How can I adequately credit and praise someone who believed enough in blind students to teach us how to pour sulphuric acid, do experiments with beakers and flasks over Bunsen burners, use scalpels to dissect specimens, and observe plants coming from seeds to bloom in the terrarium? What do I say to convey my gratitude for the man who helped us learn what science is, how it is done, and how it is applied in the world to create the things we use on a daily basis? What was it that caused this big, loud, gregarious person to have such faith in us? What made him willing to do unorthodox things to get us books, teach us, and expect us to learn the material and be responsible students, while maintaining a fun-loving atmosphere in the classroom, print shop, and lab?

I have worked for a variety of organizations in three states and have rarely encountered a person even approaching Bob's character, intelligence, and charismatic personality. I wish I could explain what made Bob such an outstanding teacher. Maybe it was that his father was a teacher in Saginaw. Maybe it was his strong faith, which he never pushed on anyone, but lived each day. Maybe it was the wonderful education he received at Michigan State University. Who knows? I only know that he was a model teacher. He was not perfect, which made him even better as a role model. We learned that being human was okay and that showing care, dedication, and a sense of humor would serve us well in our lives.

In addition to his duties as the science teacher and the head of the yearbook, he built a Boy Scout troop, which won awards in the Chief Okemos Boy Scout Council. He developed a coed exploring program that won an award from the President of the United States for doing river cleanup on the Pine River between Cadillac and Manistee, Michigan. He earned the disdain of some professionals in the blindness field and the admiration of his students by allowing totally blind people to canoe together on the Pine River. Clearly he believed in adventure and in the abilities of blind people to manage our lives independently. He took Catholic students off-campus to their catechism classes and to church on Sunday.
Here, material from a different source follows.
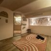 Al piano inferiore si trova una sala yoga/mindfulness: uno spazio intimo, perfetto per rilassarsi o meditare, completo di bagno di servizio con WC e lavabo.
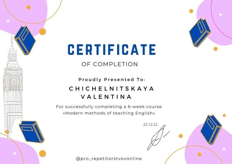 - ProRepetitor, курс «Современные методы преподавания английского языка», 2022 г.

Bob and his family were truly dedicated to us as students.

I have pursued science as an interest throughout my life. To show my gratitude to Bob in some small way, I have worked with the National Federation of the Blind of Michigan, Opportunities Unlimited for the Blind, and the Michigan Department of Education Low Incidence Outreach (formerly the Michigan School for the Blind) to create a science summer camp program for blind kids, which has operated for the past two summers. I am writing grants to fund our program for 2012. I want to try to give to blind youth of today a small measure of what Bob gave to me so many years ago. I have a passion for the outdoors, for technology, and for scouting and exploration, all thanks to an amazing man named Robert K. Burnett, a friend, teacher, and outstanding human being.